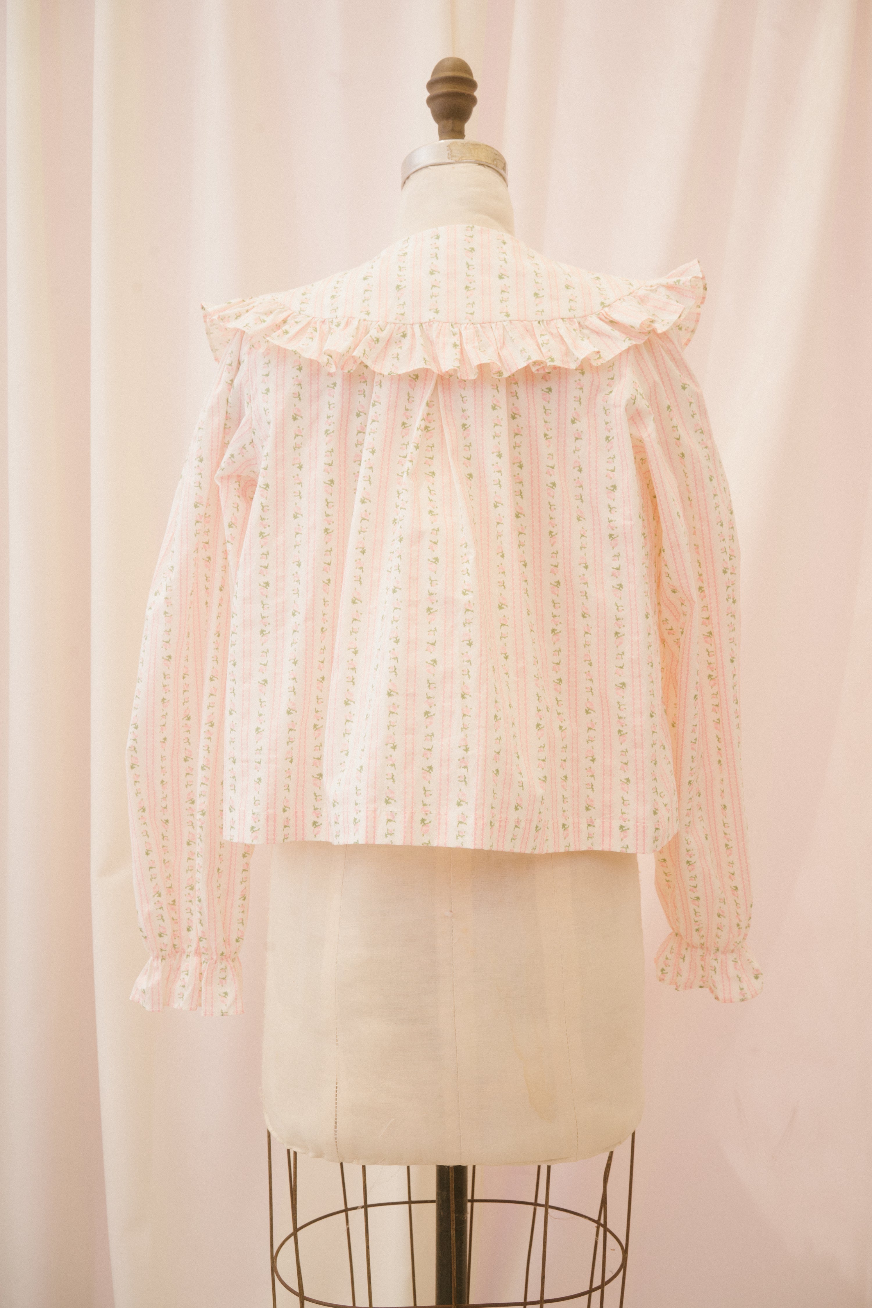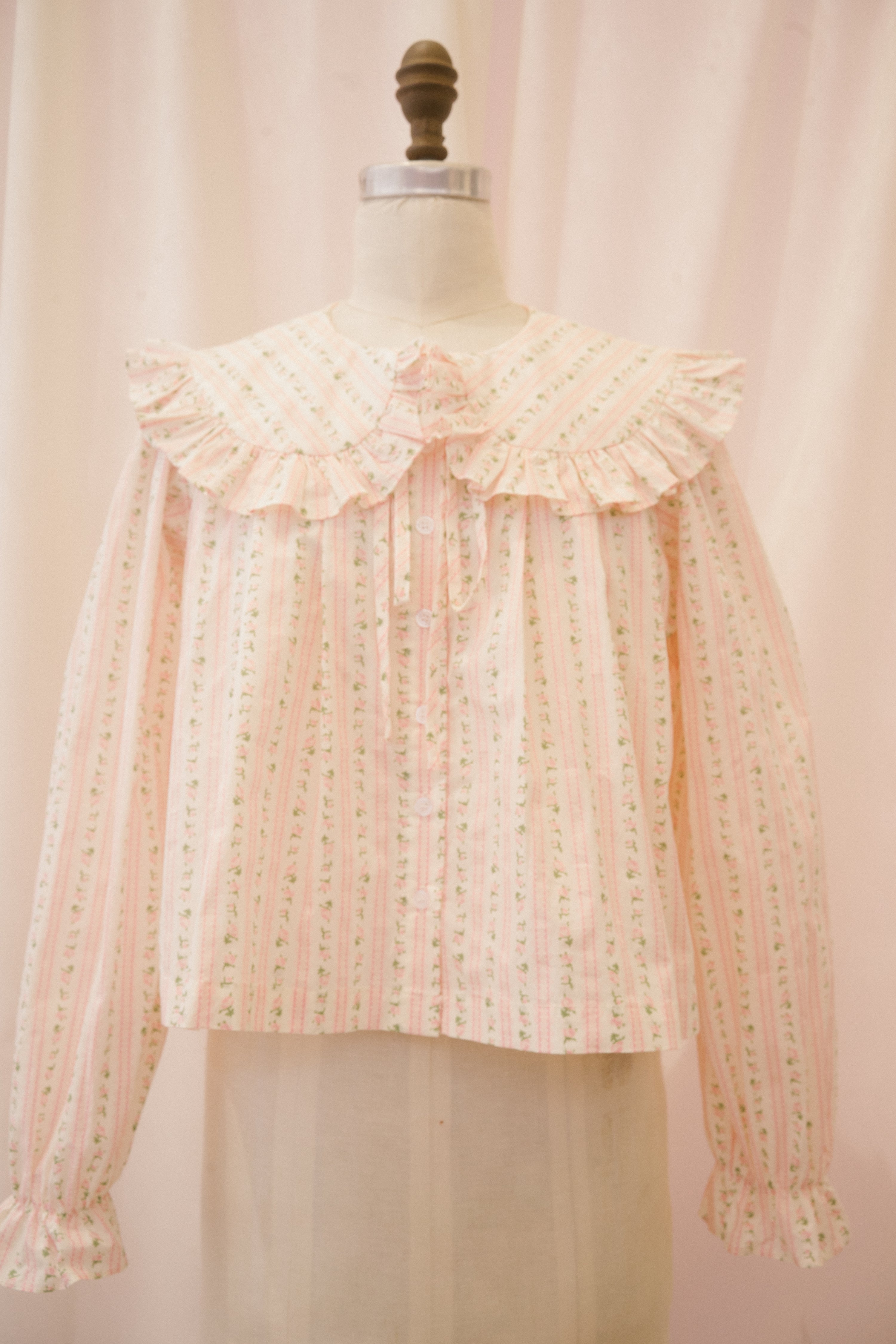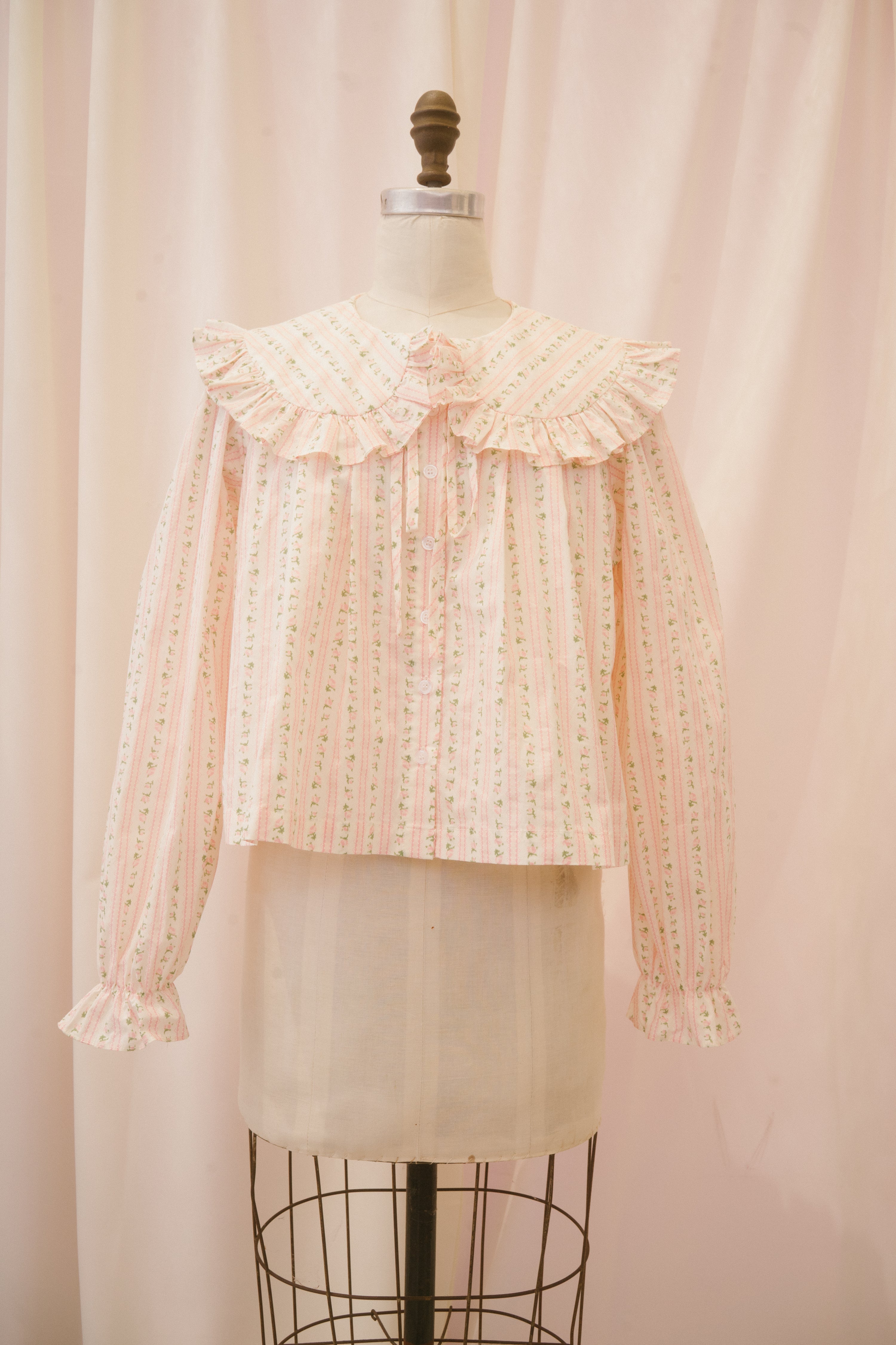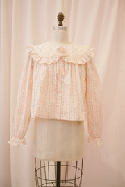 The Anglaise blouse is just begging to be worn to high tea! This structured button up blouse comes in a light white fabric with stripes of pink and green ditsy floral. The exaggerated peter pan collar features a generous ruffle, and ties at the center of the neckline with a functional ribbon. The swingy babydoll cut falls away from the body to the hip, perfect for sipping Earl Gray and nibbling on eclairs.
--
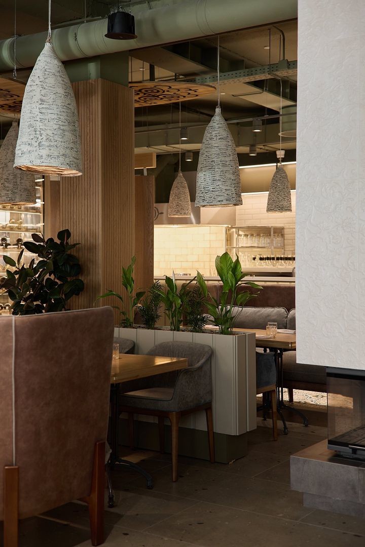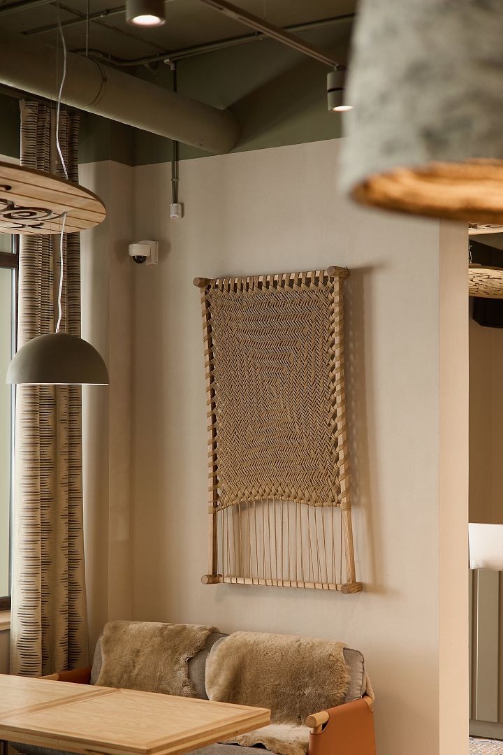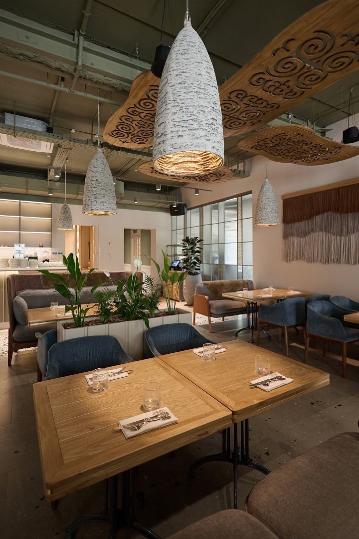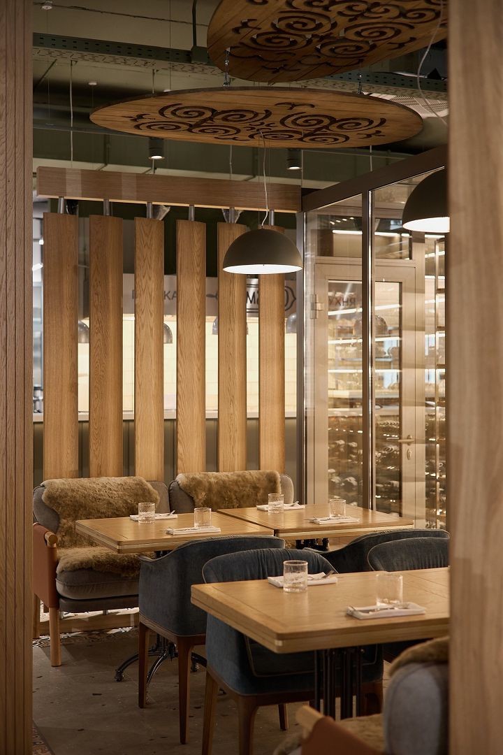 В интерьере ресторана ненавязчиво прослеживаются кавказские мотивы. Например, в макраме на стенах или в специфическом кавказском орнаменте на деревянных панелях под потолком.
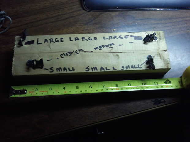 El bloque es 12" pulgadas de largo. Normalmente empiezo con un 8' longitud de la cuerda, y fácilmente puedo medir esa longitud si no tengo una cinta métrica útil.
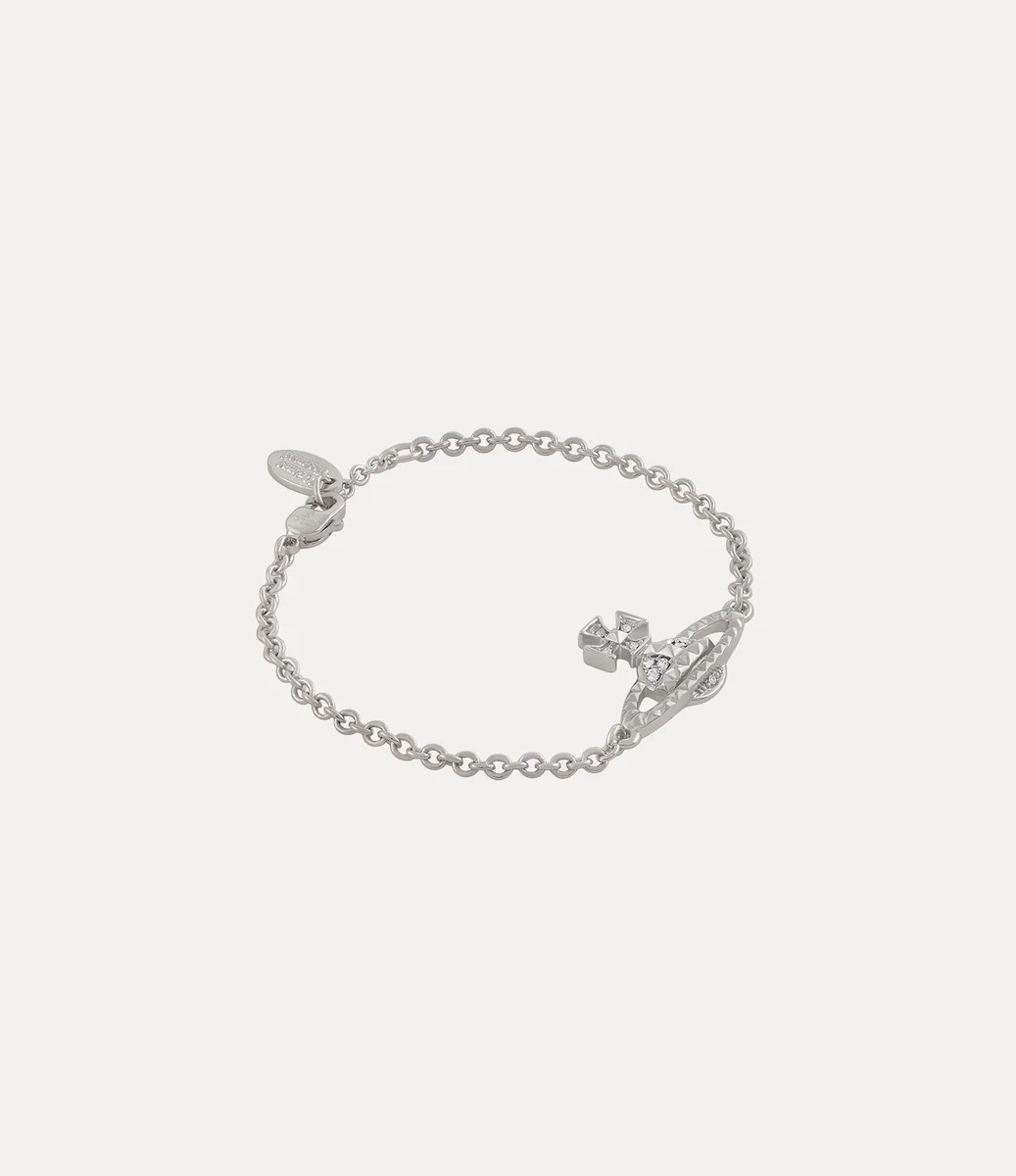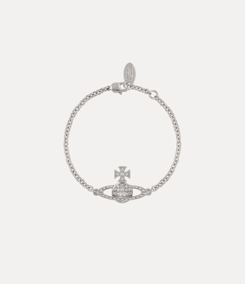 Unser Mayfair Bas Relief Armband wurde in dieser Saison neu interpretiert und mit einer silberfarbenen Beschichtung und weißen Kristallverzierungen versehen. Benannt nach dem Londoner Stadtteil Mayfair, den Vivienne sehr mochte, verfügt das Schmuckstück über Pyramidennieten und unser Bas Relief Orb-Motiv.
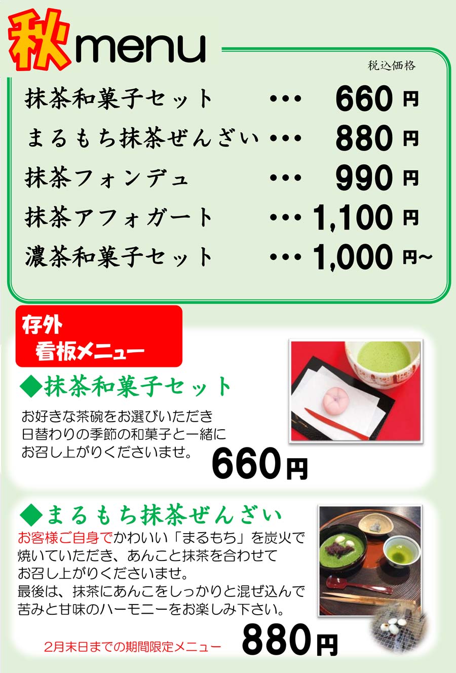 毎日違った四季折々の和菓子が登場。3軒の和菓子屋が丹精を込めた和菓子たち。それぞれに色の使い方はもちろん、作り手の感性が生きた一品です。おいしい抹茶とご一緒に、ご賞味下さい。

Brief: Reproduce, word for word, only the lines in the records above from the line with "Unser Mayfair Bas" through the line with "毎日違った四季折々の和菓子が", including both ends; omit the pictures.

Written answer:
 Unser Mayfair Bas Relief Armband wurde in dieser Saison neu interpretiert und mit einer silberfarbenen Beschichtung und weißen Kristallverzierungen versehen. Benannt nach dem Londoner Stadtteil Mayfair, den Vivienne sehr mochte, verfügt das Schmuckstück über Pyramidennieten und unser Bas Relief Orb-Motiv.
 毎日違った四季折々の和菓子が登場。3軒の和菓子屋が丹精を込めた和菓子たち。それぞれに色の使い方はもちろん、作り手の感性が生きた一品です。おいしい抹茶とご一緒に、ご賞味下さい。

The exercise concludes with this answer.